(DATA PROVIDED)
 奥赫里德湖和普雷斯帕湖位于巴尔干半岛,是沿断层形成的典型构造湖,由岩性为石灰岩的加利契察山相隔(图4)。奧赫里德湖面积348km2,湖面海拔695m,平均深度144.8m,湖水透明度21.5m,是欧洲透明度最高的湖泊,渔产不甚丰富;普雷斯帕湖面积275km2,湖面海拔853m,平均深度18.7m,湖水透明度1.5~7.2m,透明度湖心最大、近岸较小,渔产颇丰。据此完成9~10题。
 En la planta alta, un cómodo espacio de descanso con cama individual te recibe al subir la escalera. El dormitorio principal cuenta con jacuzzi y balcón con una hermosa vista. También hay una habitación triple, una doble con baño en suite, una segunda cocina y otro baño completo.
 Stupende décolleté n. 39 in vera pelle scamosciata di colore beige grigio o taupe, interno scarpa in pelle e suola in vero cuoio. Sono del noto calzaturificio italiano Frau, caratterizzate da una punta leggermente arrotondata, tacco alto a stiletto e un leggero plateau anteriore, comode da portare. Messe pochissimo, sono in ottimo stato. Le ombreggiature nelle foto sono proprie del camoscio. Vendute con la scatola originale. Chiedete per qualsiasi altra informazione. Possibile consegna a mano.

...

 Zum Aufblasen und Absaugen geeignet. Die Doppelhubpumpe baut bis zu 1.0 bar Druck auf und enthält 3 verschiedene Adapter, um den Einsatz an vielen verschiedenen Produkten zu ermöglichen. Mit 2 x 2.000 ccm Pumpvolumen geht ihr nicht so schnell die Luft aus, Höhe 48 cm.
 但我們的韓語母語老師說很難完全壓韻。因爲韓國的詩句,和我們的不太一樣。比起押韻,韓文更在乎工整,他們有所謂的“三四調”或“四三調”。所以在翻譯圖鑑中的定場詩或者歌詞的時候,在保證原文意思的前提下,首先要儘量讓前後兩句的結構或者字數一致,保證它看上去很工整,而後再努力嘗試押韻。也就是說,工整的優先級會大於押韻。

(WORK INSTRUCTION) Within the material above, copy exactly the lines from the line that holds "En la planta" up to and including the line that holds "Stupende décolleté n.".

(ANSWER BOX)
 En la planta alta, un cómodo espacio de descanso con cama individual te recibe al subir la escalera. El dormitorio principal cuenta con jacuzzi y balcón con una hermosa vista. También hay una habitación triple, una doble con baño en suite, una segunda cocina y otro baño completo.
 Stupende décolleté n. 39 in vera pelle scamosciata di colore beige grigio o taupe, interno scarpa in pelle e suola in vero cuoio. Sono del noto calzaturificio italiano Frau, caratterizzate da una punta leggermente arrotondata, tacco alto a stiletto e un leggero plateau anteriore, comode da portare. Messe pochissimo, sono in ottimo stato. Le ombreggiature nelle foto sono proprie del camoscio. Vendute con la scatola originale. Chiedete per qualsiasi altra informazione. Possibile consegna a mano.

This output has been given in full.